(Publicado en la revista Familia, diario El Comercio, Quito, el 25 de enero de 2015)
Tener el alma infantil no es malo. La capacidad de maravillarse ante el mundo exterior es la base de la creación artística. Un escritor debe asombrarse de sus sensaciones.
Esto me vino a la mente al observar un rasgo infantil que permanece en muchos jóvenes y hasta en gente madura: la extraña mezcla de atracción y repulsión por el horror sobrenatural. Hay niños que se tapan un ojo para ver una película de terror, como si entonces se asustaran a medias; el lado oscuro de la fuerza los atrae al abismo.

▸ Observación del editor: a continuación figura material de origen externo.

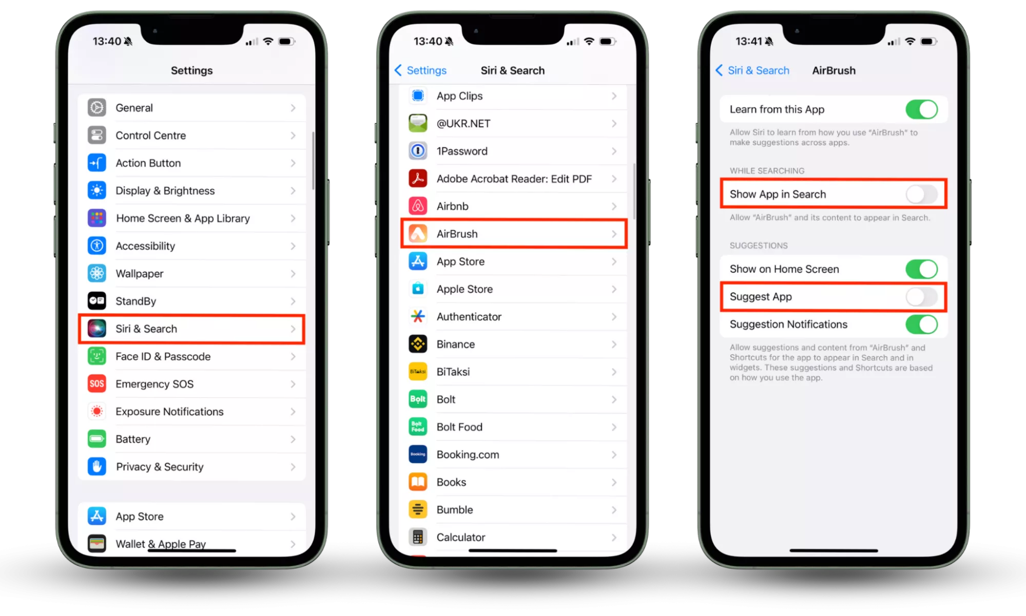 Kroky 1-3: Otevřete Nastavení > Siri a vyhledávání, poté najděte aplikaci, kterou chcete vyloučit, a vypněte Zobrazit ve vyhledávání, Zobrazit aplikaci, Navrhnout aplikaci a Zobrazit obsah ve vyhledávání.Vypnutím těchto nastavení zabráníte zobrazování aplikace, jejích dat a obsahu ve výsledcích vyhledávání. Zabrání také Siri navrhnout aplikaci na základě toho, jak ji používáte.

En el ensayo El horror sobrenatural en la literatura, el poeta maldito Lovecraft afirma: “El miedo es una de las emociones más antiguas y poderosas de la humanidad, y el miedo más antiguo y poderoso es el temor a lo desconocido”.
Uno ve esas obras de terror y empieza a ver patrones que se repiten. Por ejemplo, siempre son seres indefensos (niños, jovencitas débiles, ancianos) quienes se enfrentan a las fuerzas oscuras. Me pregunto, ¿cuándo veremos filmes con estos títulos?: La Roca contra la momia, El príncipe Felipe contra el conde Drácula, 007 contra 666, Viernes 13 contra martes 7. Hay también nombres engañosos: El Aro no es un documental japonés sobre basquetbol.
Además, los directores terroríficos son unos… ya saben. En Líbranos del mal vemos un objeto que se mueve, solo para descubrir que no era un fenómeno paranormal sino la obra de un inofensivo ratón. ¡Más el susto, canalla!
Sinceramente, me fascinan los misterios al estilo de Alfred Hitchcock y considero increíble la primera versión del Exorcista. Pero odio las películas que derraman más sangre que una guerra mundial o que parecen propaganda de salsa de tomate.